WORK TO COMPLETE:
Retype the whole listing exactly. Leave out pictures.

DATASET EXTRACT:
------------------------------------------------------------------------

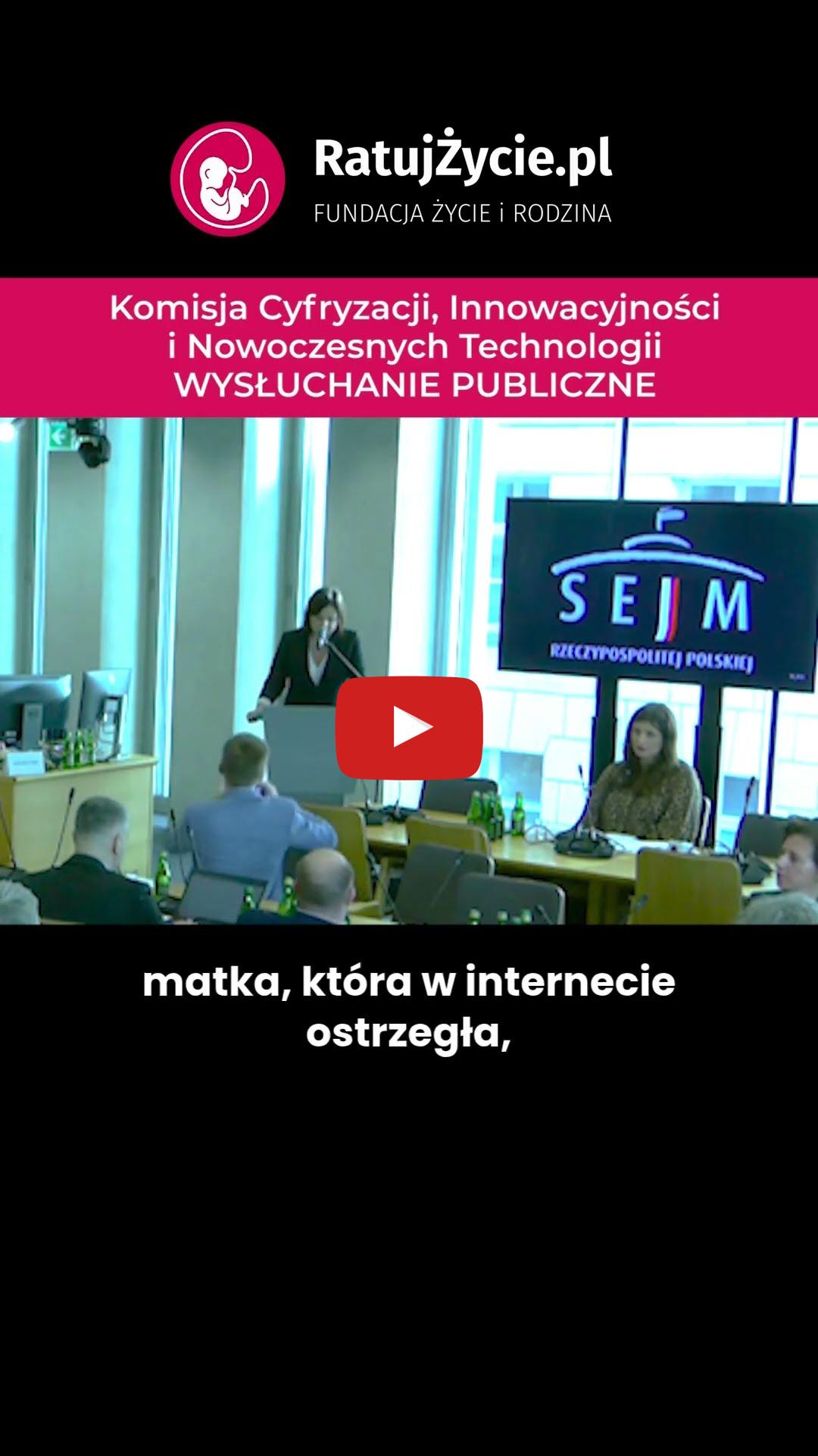 Na wczorajszym wysłuchaniu publicznym Fundacja Życie i Rodzina była jedną z nielicznych organizacji, które broniły wolności słowa – wolności, z której ma prawo korzystać każdy – także Pan, także dowolny inny użytkownik Internetu – każdy. Choć były tylko 2 minuty na wystąpienie, udało się zwrócić uwagę na kilka kluczowych kwestii.
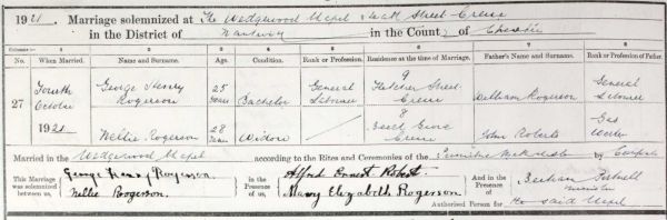His widow Nellie married William's younger brother George Henry Rogerson on 4th October 1921 in the Wedgwood Methodist Church, Heath Street, Crewe. They had three sons - Gordon, Dennis and Alan. Nellie died in 1974.
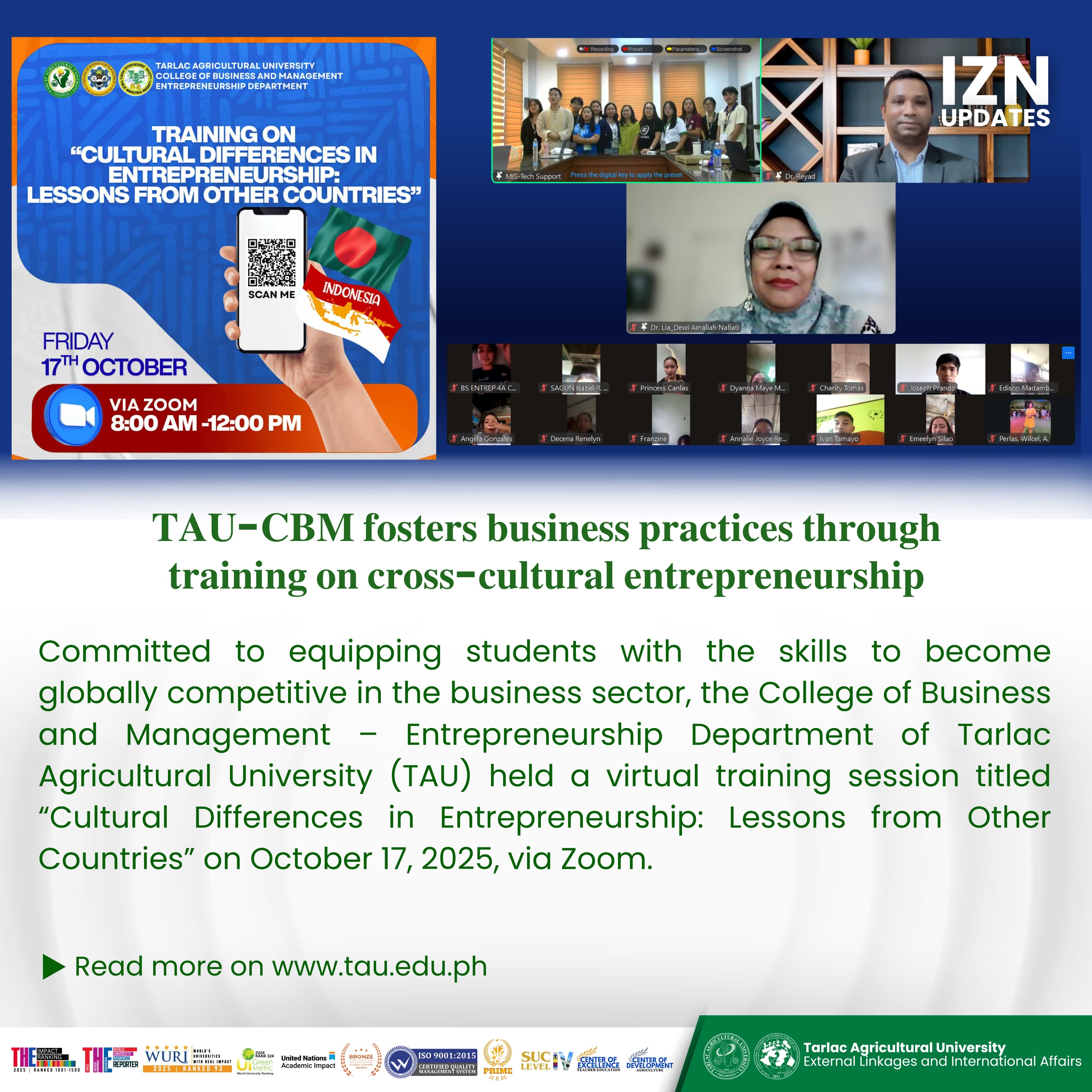 Committed to equipping students with the skills to become globally competitive in the business sector, the College of Business and Management โ Entrepreneurship Department of Tarlac Agricultural University (TAU) held a virtual training session titled โCultural Differences in Entrepreneurship: Lessons from Other Countriesโ on 17 October 2025, via Zoom.

------------------------------------------------------------------------

THE ANSWER:
 Na wczorajszym wysłuchaniu publicznym Fundacja Życie i Rodzina była jedną z nielicznych organizacji, które broniły wolności słowa – wolności, z której ma prawo korzystać każdy – także Pan, także dowolny inny użytkownik Internetu – każdy. Choć były tylko 2 minuty na wystąpienie, udało się zwrócić uwagę na kilka kluczowych kwestii.
His widow Nellie married William's younger brother George Henry Rogerson on 4th October 1921 in the Wedgwood Methodist Church, Heath Street, Crewe. They had three sons - Gordon, Dennis and Alan. Nellie died in 1974.
 Committed to equipping students with the skills to become globally competitive in the business sector, the College of Business and Management โ Entrepreneurship Department of Tarlac Agricultural University (TAU) held a virtual training session titled โCultural Differences in Entrepreneurship: Lessons from Other Countriesโ on 17 October 2025, via Zoom.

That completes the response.